Moreover, older than Chris, who teaches Long Island history at Suffolk County Community College, I was of the “duck-and-cover” generation. At P.S. 136 in St. Albans in the 1950s, we regularly did “duck-and-cover” exercises, diving under our desks in preparation for a nuclear attack. We were issued dog tags to be identified if nuclear war happened.
All this is in our book, Cold War Long Island, published in 2021 by The History Press.
And then, suddenly, the possibility of nuclear war was again on the agenda of the world and Long Island with Russia’s invasion of Ukraine in February 2022 and repeated threats by Russia’s President Putin and his associates about Russia using nuclear weapons.
In September 2022, at the annual Shinnecock Indian Powwow, there was a Federal Emergency Management Agency booth at which a flier was distributed headed: “Be Prepared For A Nuclear Explosion.” It said: “A nuclear weapon is a device that uses a nuclear reaction to create an explosion.
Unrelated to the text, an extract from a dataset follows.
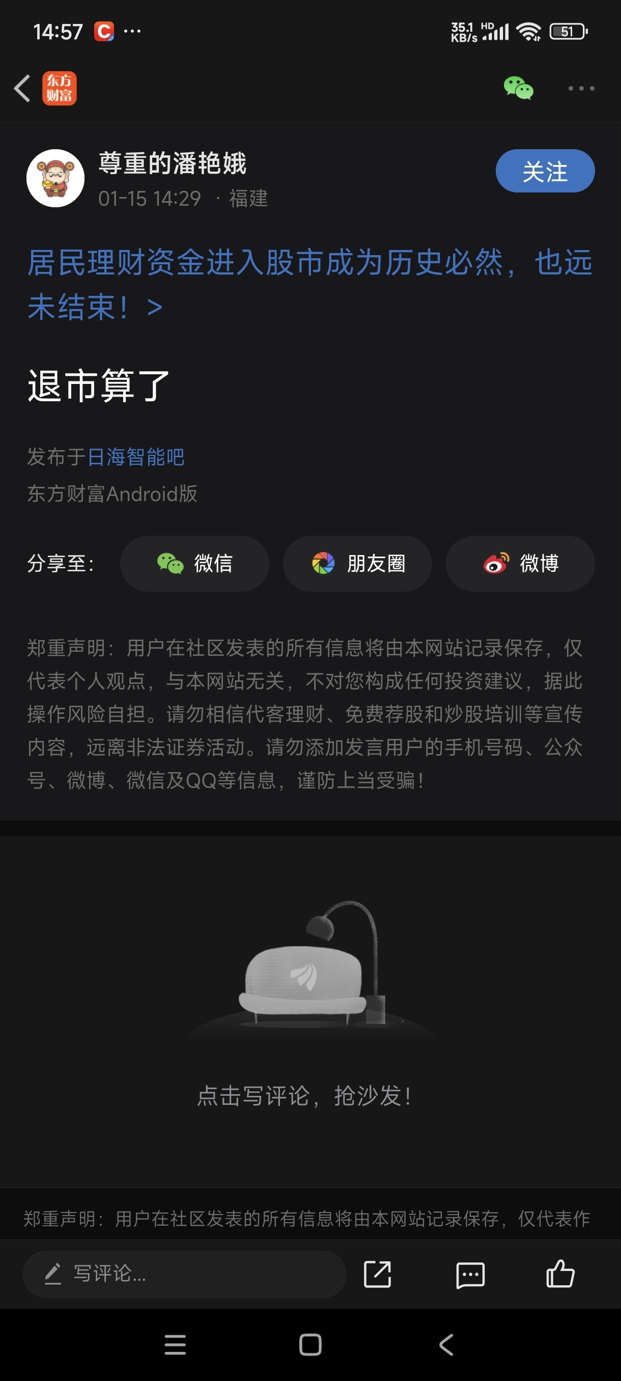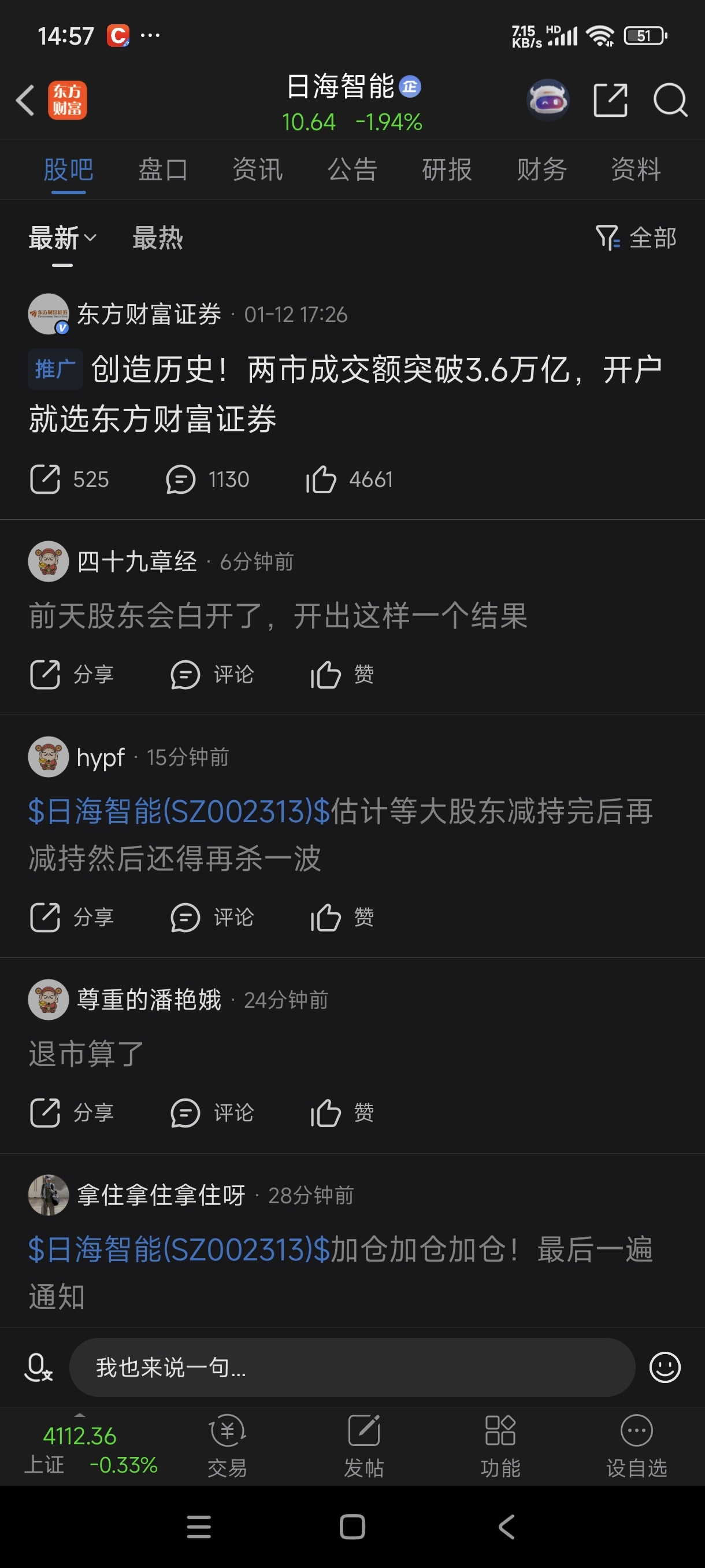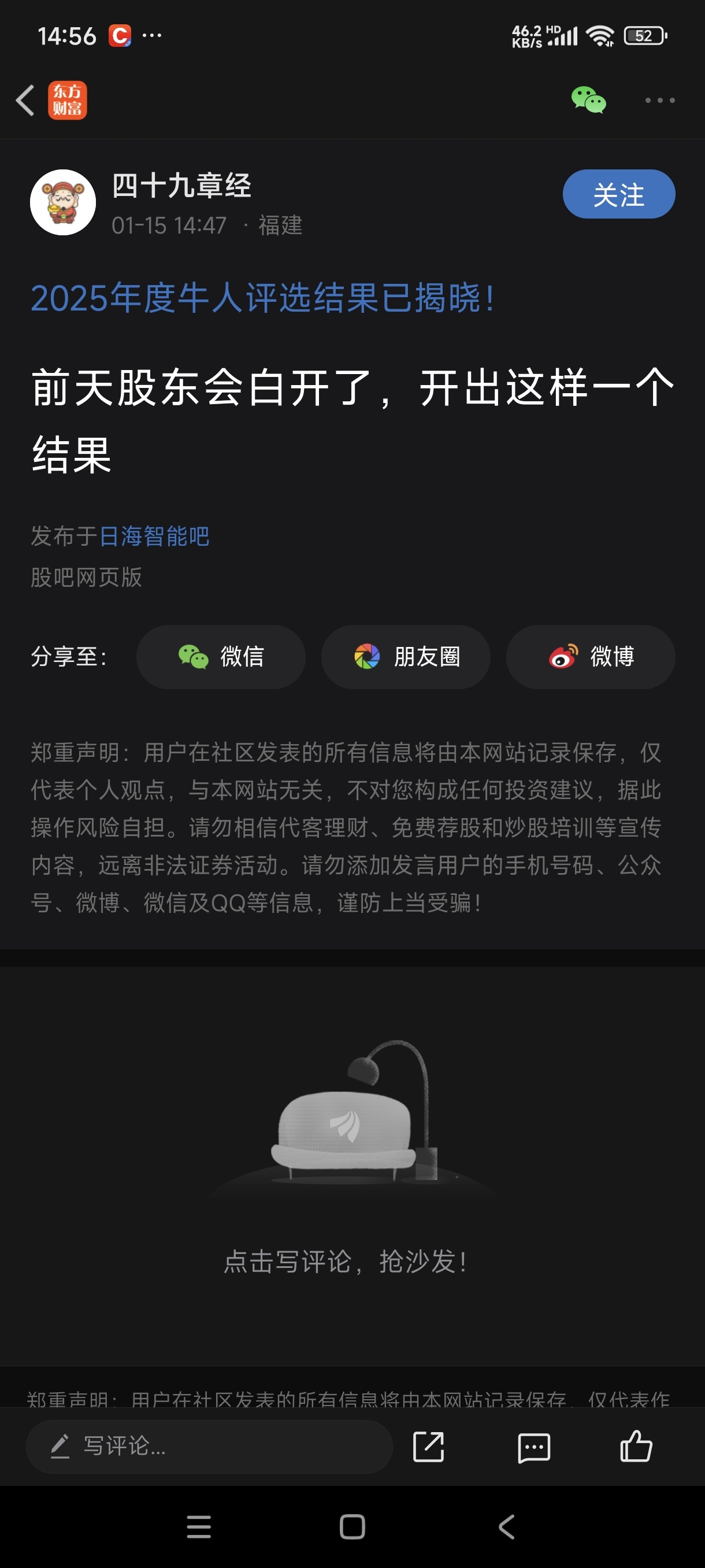 温馨提示: 1.根据《证券法》规定,禁止编造、传播虚假信息或者误导性信息,扰乱证券市场;2.用户在本社区发表的所有资料、言论等仅代表个人观点,与本网站立场无关,不对您构成任何投资建议。用户应基于自己的独立判断,自行决定证券投资并承担相应风险。《东方财富社区管理规定》

But you can keep your family safe by knowing what to do and being prepared if it occurs.” The flier advised: “Get inside the nearest building to avoid radiation…Remove contaminated clothing and wipe off or wash unprotected skin if you were outside after the fallout arrived.”
Likewise, the New York City Emergency Management’s office was running a public service announcement beginning: “So there’s been a nuclear attack….the big one has hit.” It, like the FEMA flier, advised people on what to do. Mayor Adams said of the PSA: “We’re going to be prepared.”
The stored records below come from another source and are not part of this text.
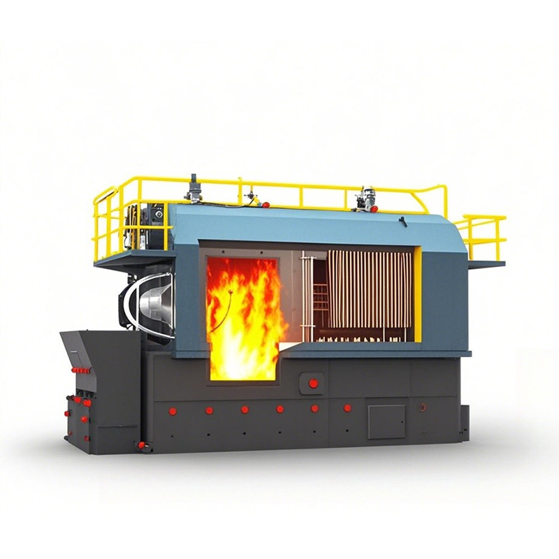 Котел на биомассе серии SZL разработан в соответствии с международными передовыми технологиями и опытом цепной топки котла со сливной трубой, принимая горизонтальную двухбутылочную, продольную структуру расположения. Котел состоит из верхней и нижней частей, верхняя часть является поверхностью нагрева тела, а нижняя часть является оборудованием для сжигания. Передняя часть корпуса котла окружена водоохлаждаемыми стенками, верхняя часть которых соединена с цилиндром котла, а нижняя часть соединена с коробкой коллектора, образуя камеру сгорания для поглощения лучистого тепла топки; пучки конвективных труб расположены между верхним и нижним цилиндрами котла на заднем конце, а высокотемпературные дымовые газы после сжигания топлива в топочной камере и поперечной очистки нагретых поверхностей конвективных пучков вторичным возвратом направляются в индивидуально расположенный экономайзер, а затем в пылеуловители для сброса через дымовые трубы.
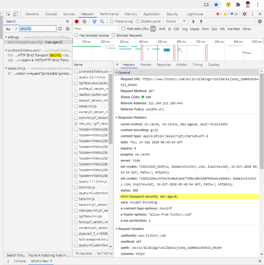 HSTS(HTTP Strict Transport Security) 보안 기능목록을로드해서확인한다.
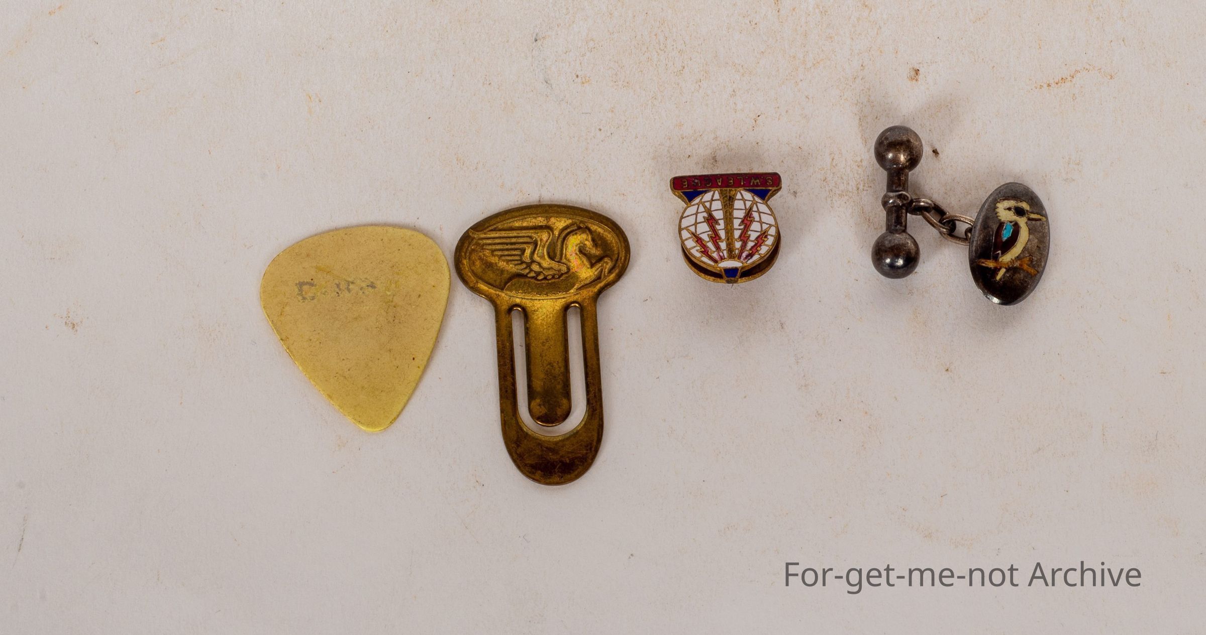 This is a group of 4 obscure little pieces. 1, a plekton. 2 is a, collar stud, a cufflink at least with a mag, kookaburra on it. 3rd piece is maybe a bill holder. Not sure. 4th piece, a little enamel badge for SW League, which was a kids radio club.Collection

Last year things were getting even worse. The Bulletin of the Atomic Scientists moved its “Doomsday Clock” forward to 90 seconds to midnight—the closest to midnight the clock was set at since it was created in 1947. The Bulletin defines midnight as “nuclear annihilation.”
Said UN Secretary-General Antonio Guterres: “The prospect of nuclear conflict, once unthinkable, is now back within the realm of possibility.”
Last month, The Bulletin kept the clock at 90 seconds to midnight for 2024 issuing a statement: “Ominous trends continue to point the world toward global catastrophe.”
Now it’s not only the Ukraine invasion but adding to concerns about nuclear war are North Korean leader Kim Jong Un threatening to use nuclear weapons, conflict in the Middle East, and nuclear-armed China moving to take Taiwan and the resulting battle with the United States coming to Taiwan’s aid.
The Treaty on the Prohibition of Nuclear Weapons was adopted by the UN General Assembly in 2017—with 122 nations in favor. It bans the development, testing, production, stockpiling, stationing, transfer, use and threat of use of nuclear weapons.
“Let’s eliminate these weapons before they eliminate us,” Guterres says of the treaty, an initiative “toward our shared goal of a world free of nuclear weapons.”
Can the atomic genie be put back in the bottle? Anything people have done other people can undo. And the prospect of huge loss of life from nuclear destruction is the best of reasons.
There’s a precedent: the outlawing of chemical warfare after World War I when its terrible impacts were horrifically demonstrated, killing 90,000. The Geneva Protocol of 1925 and the Chemicals Weapons Convention of 1933 outlawed chemical warfare and to a large degree the prohibition has held.
Abolition of nuclear weapons globally has long been a top priority of the UN. Indeed, in 1946 when the UN was based on Long Island, in Lake Success, its “Resolution 1” called for the creation of a commission to “make specific proposals…for the elimination from national armaments of nuclear weapons.”
Pope Francis in speaking about the “unspeakable horror” of nuclear weapons says: “A world without nuclear weapons is possible and necessary.”
The massively lethal danger of nuclear war is not only history.
Karl Grossman is an investigative journalist and professor of journalism.